En revanche, en Wallonie et à Bruxelles, la suppression du vote obligatoire n’est pas mise en œuvre. Les partis francophones, comme le PS et le Mouvement Réformateur (MR, libéral), se sont opposés à cette réforme, arguant qu’elle nuirait à la représentation des classes populaires.

Récemment, le libéral francophone Louis Michel, ancien ministre des Affaires étrangères et ancien commissaire européen, a encore une fois dit tout le mal qu’il pensait de la fin du vote obligatoire. “Je trouve un peu fort qu’on introduise dans la loi la possibilité de ne pas aller voter”, a-t-il insisté. Là où le vote n’est pas obligatoire, cela favorise davantage les partis de droite ou, en tout cas, un électorat plus privilégié qui votera. Donc, en termes de représentation, cela désavantage les personnes vulnérables ou les personnes moins riches, moins formées. Et donc, par rapport à la démocratie, on ne se rend pas compte mais on réintroduirait par ce biais un vote au pouvoir ou recensement. Louis Michel dénonce une « régression démocratique ».
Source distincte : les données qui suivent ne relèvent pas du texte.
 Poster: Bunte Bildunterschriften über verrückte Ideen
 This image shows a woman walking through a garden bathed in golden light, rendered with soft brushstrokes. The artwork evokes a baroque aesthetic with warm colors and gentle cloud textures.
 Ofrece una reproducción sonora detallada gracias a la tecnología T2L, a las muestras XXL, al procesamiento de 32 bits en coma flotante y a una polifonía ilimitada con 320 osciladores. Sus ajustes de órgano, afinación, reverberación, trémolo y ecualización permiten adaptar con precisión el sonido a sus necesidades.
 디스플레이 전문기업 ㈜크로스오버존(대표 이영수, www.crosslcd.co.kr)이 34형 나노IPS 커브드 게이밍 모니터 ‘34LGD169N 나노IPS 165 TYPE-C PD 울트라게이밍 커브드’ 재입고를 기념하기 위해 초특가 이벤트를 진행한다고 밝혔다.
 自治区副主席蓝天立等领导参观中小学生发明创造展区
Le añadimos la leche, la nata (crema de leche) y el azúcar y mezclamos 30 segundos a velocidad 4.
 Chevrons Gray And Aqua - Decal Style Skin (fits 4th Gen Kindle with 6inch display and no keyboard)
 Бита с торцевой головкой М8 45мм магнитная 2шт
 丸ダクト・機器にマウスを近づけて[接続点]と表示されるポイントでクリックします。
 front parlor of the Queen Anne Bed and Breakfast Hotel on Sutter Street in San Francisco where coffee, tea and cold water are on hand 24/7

Les résultats des élections municipales en Flandre tendent à lui donner raison, même s’il est trop tôt pour faire une corrélation entre la fin du vote obligatoire et les scores de certains partis.

Victimes collatérales des communistes

A Anvers, la N-VA de Bart De Wever a obtenu 37% des voix. Si le communiste PTB-PVDA, présenté comme son principal concurrent, arrive en deuxième position, il dépasse à peine les 20 %. Ce qui, selon certains dirigeants communistes, est la conséquence directe de la fin de l’obligation de voter. Une partie de leur électorat, plus précaire et allergique à la politique, ne serait pas venue.
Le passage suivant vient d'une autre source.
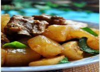 4、焖煮至萝卜透味后,试下味再酌情添加精盐,转大火收浓汁,下青蒜段(蒜叶)翻炒出香味后,起锅盛盘。
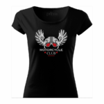 Pohodlné bavlnené dámske tričko „Moto klub helma“ s rukávmi kratšej dĺžky. Vypasovaný strih s bočnými švami perfektne zvýrazní Vašu ženskosť.
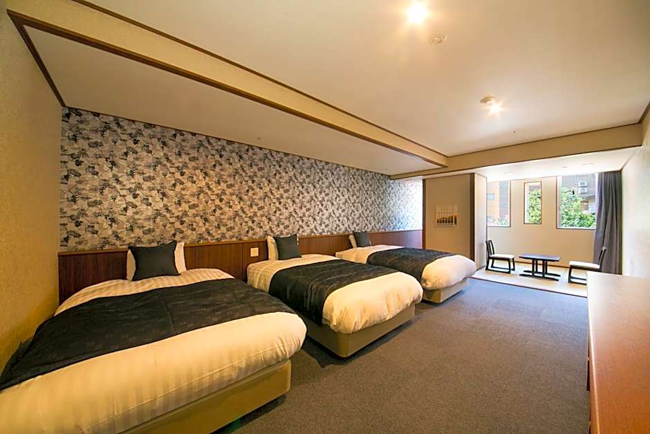 The spacious triple room features air conditioning, a seating area, as well as a private bathroom boasting a bath and a shower. The triple room provides a wardrobe, a safe deposit box, an electric kettle, yukata and a flat-screen TV with satellite channels. The unit has 3 beds.
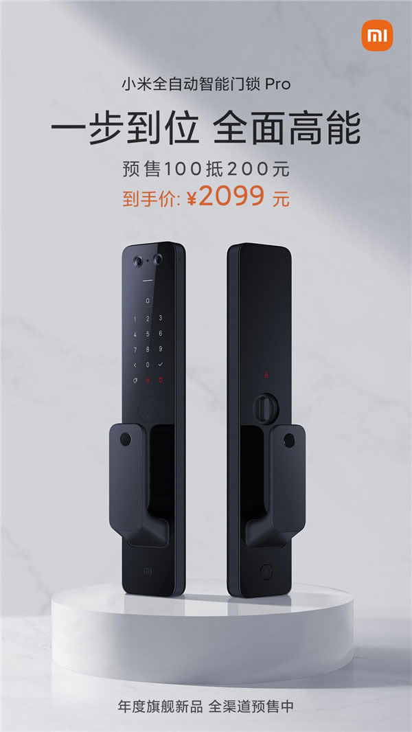 6月29日,小米全自動智能門鎖Pro在全渠道開啟預售。此次新品主打攝像頭功能,為此小米特別研發了172高清攝像頭及多項配套功能。預售期間定金100元可抵200元,到手價2099,參與預售、付完尾款后加贈米家智能驅蚊器2。 據悉,小米全自
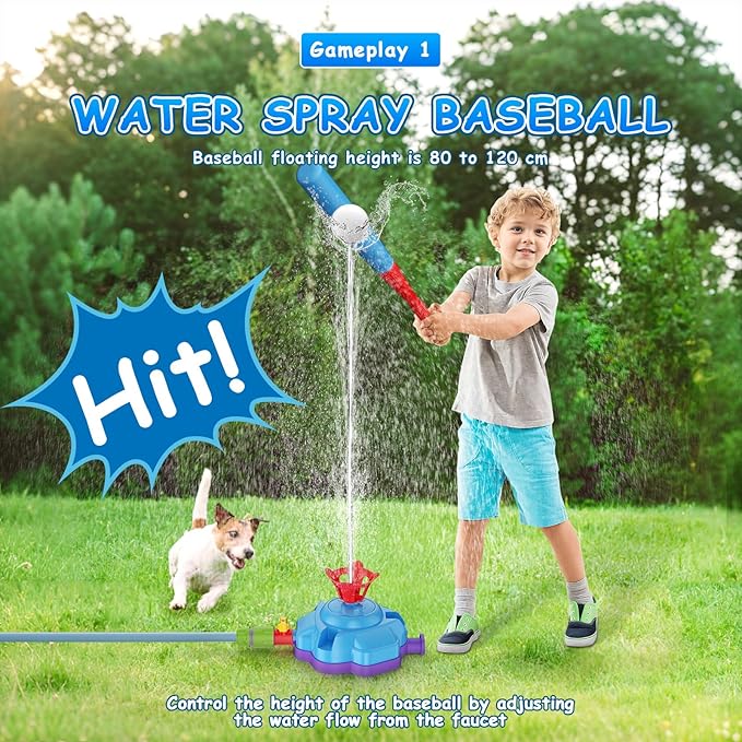 - 【Water Spray Baseball】 Sprinkler toys combine water play with baseball training, providing hours of entertainment for kids. Water Baseball toy's Launcher launches one water balls at a time up to 80-120cm in heights! The water sprinklers baseball playset is an ideal outside toys for toddlers 3-5 on summer day, perfect for lawn, kiddie pool, park and backyard entertaining outside activities party and enjoying outdoor games for kids ages 4-8.
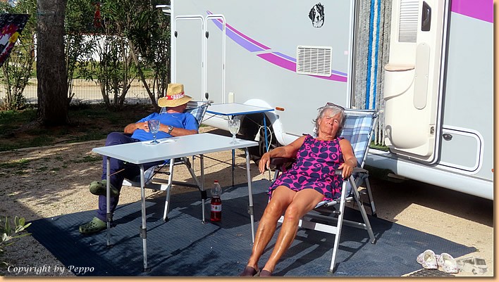 Ab in die Dusche, ein bisschen relaxen und dann sind wir bei Karin und Franz eingeladen. Herzlichen Dank für's Zusammensitzen, es ist wie immer nett mit euch zu plaudern. Am Abend machen wir es uns im Womo gemütlich, morgen am Sonntag gibts für uns einen "Nixtun-Tag", wir werden einfach nur die Sonne geniessen (...und ein bisschen ) |
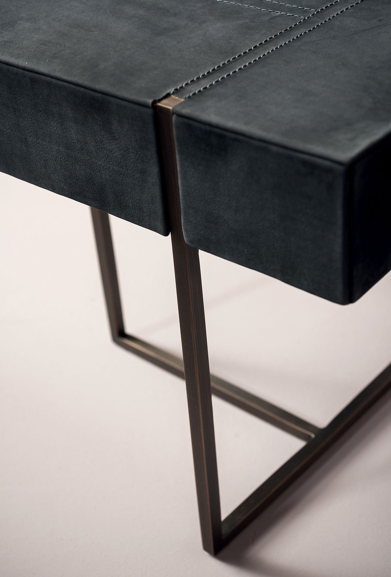 description | Night table with base in satin brass-coated metal, in hand-finished burnished metal or in satin nickeled metal, with matte varnish. MDF structure, canaletto walnut veneered. External structure in shaped aluminium sheets covered with leather. Drawers in solid canaletto walnut. |
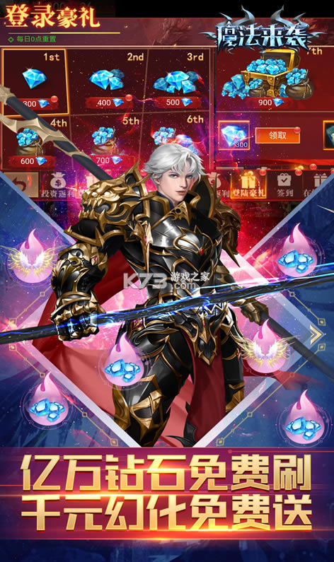新手礼包:金钻*8888,强化石*400,4级宝石箱*1
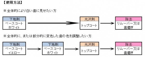 | ベースコート(別売)を塗った後に透明な液で、歯に自然な光沢とつるつる感をプラス。歯をコートするので、トップコートだけでもたばこのヤニ、ワインやコーヒー、紅茶、カレー等の着色汚れを防ぐ事ができます。 |
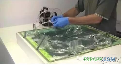 簡稱VIP,在模具上鋪“干”碳纖維復(fù)合材料,然后鋪真空袋,并抽出體系中的真空,在模具腔中形成一個負壓,利用真空產(chǎn)生的壓力把不飽和樹脂通過預(yù)鋪的管路壓入纖維層中,讓樹脂浸潤增強材料,最后充滿整個模具,制品固化后,揭去真空袋材料,從模具上得到所需的制品。該工藝在1950年就出現(xiàn)了專利記錄,但在近幾年才得到發(fā)展。在真空環(huán)境下樹脂浸潤碳纖,制品中產(chǎn)生的氣泡極少,制品的強度更高、質(zhì)量更輕,產(chǎn)品質(zhì)量比較穩(wěn)定,而且降低了樹脂的損耗,僅用一面模具就可以得到兩面光滑平整的制品,能較好地控制產(chǎn)品厚度。一般應(yīng)用于船艇工業(yè)中的方向舵、雷達屏蔽罩,風(fēng)電能源中的葉片、機艙罩,汽車工業(yè)中的各類車頂、擋風(fēng)板、車廂等。
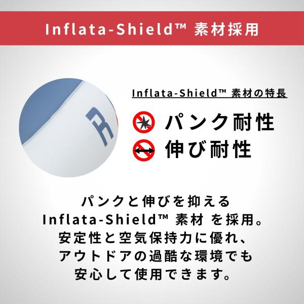 Inflata-Shield素材は、穴が開きにくく、伸縮性を抑えることで安定性と空気保持力を高めます

En revanche, le Vlaams Belang a été un succès. Il a multiplié les bons scores dans différents endroits de Flandre et a surtout obtenu la majorité absolue à Ninove, commune située entre Bruxelles et Gand. Il est vrai que les électeurs avaient des comptes à régler avec les partis démocrates qui avaient refusé de gouverner avec le Vlaams Belang, vainqueur des élections municipales de 2018. Le « bélanger » Guy D’haeseleer sera le prochain maire de cette commune de la vallée de la Dendre. Du moins si les accusations de fraude contre son parti sont levées.

La Belgique se retrouve ainsi avec un modèle hybride où le vote est obligatoire pour certaines élections (fédérales, régionales, européennes) mais pas pour d’autres (communes en Flandre). À l’avenir, cela pourrait relancer les débats sur la cohérence de ce système.

Au Luxembourg, toute personne inscrite sur les listes électorales est obligée de voter le jour du scrutin. Toutefois, les électeurs âgés de plus de 75 ans et les Luxembourgeois résidant à l’étranger sont exemptés du vote obligatoire.